= WHAT IS NEEDED =
Go to the line with "Make the right" in the records below, then output it and each following line exactly, up to and including the line with "This plush hand". Skip pictures and add nothing.

= THE DATA =
Content starts
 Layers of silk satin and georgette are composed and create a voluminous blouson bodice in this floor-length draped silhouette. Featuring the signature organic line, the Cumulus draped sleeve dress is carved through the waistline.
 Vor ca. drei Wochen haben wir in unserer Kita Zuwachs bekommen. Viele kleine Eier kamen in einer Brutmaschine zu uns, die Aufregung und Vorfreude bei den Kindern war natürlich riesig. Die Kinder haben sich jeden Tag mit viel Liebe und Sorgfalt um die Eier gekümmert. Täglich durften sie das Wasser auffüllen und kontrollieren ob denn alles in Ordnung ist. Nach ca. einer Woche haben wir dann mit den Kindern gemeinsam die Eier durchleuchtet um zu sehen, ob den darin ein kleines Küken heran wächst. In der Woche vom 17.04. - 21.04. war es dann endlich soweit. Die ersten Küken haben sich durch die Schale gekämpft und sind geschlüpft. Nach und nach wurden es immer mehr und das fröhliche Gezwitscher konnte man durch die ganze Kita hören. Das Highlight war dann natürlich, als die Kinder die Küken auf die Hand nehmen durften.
Content ends
Content starts
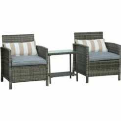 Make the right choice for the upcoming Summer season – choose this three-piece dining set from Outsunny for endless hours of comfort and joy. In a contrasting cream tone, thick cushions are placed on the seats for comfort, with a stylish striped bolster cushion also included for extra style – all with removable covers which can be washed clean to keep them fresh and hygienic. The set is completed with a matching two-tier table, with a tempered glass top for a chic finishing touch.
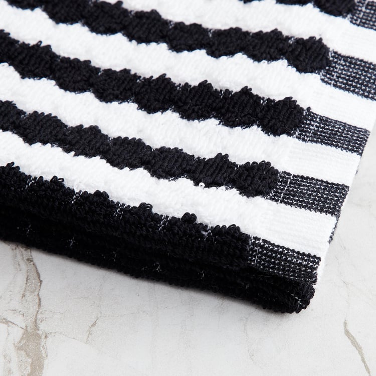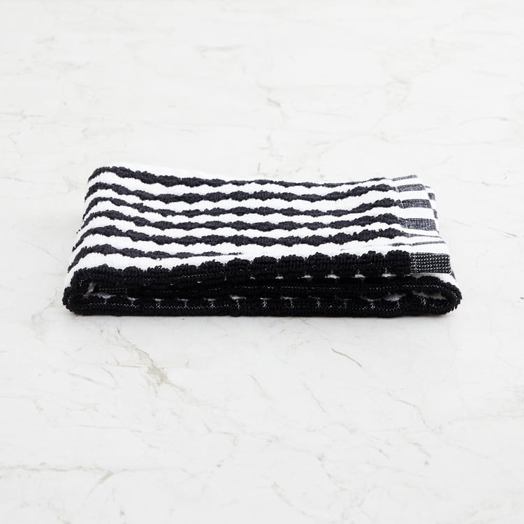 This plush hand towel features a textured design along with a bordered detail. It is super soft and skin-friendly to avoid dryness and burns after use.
Content ends
Content starts
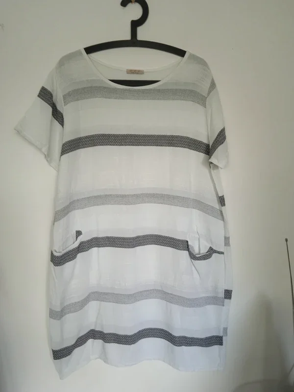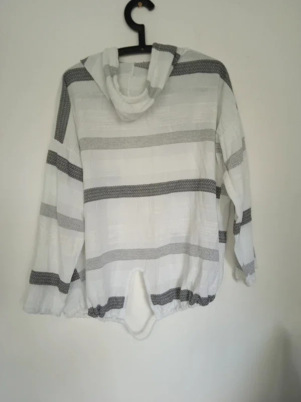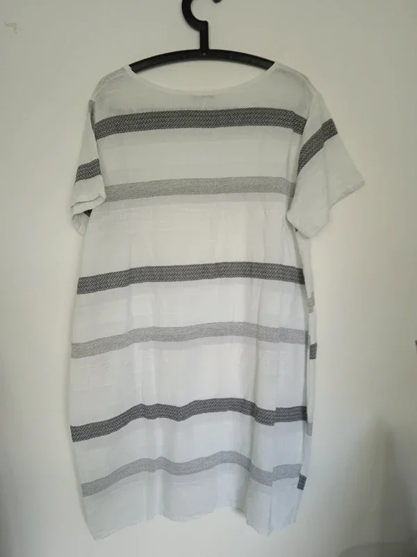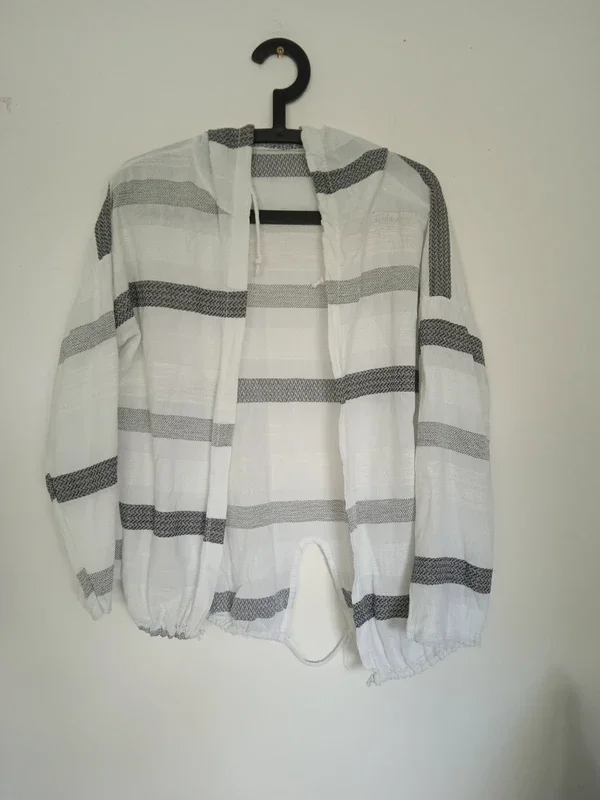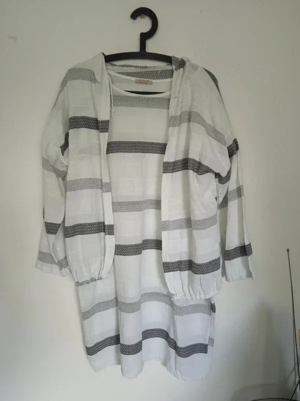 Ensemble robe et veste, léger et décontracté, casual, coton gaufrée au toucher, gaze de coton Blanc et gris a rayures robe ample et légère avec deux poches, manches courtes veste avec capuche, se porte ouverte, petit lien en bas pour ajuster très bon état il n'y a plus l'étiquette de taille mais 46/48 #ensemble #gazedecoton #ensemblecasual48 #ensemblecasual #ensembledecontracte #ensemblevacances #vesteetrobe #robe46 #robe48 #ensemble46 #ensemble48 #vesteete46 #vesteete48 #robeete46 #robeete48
Content ends
= ANSWER TO THE PROBLEM =
 Make the right choice for the upcoming Summer season – choose this three-piece dining set from Outsunny for endless hours of comfort and joy. In a contrasting cream tone, thick cushions are placed on the seats for comfort, with a stylish striped bolster cushion also included for extra style – all with removable covers which can be washed clean to keep them fresh and hygienic. The set is completed with a matching two-tier table, with a tempered glass top for a chic finishing touch.
 This plush hand towel features a textured design along with a bordered detail. It is super soft and skin-friendly to avoid dryness and burns after use.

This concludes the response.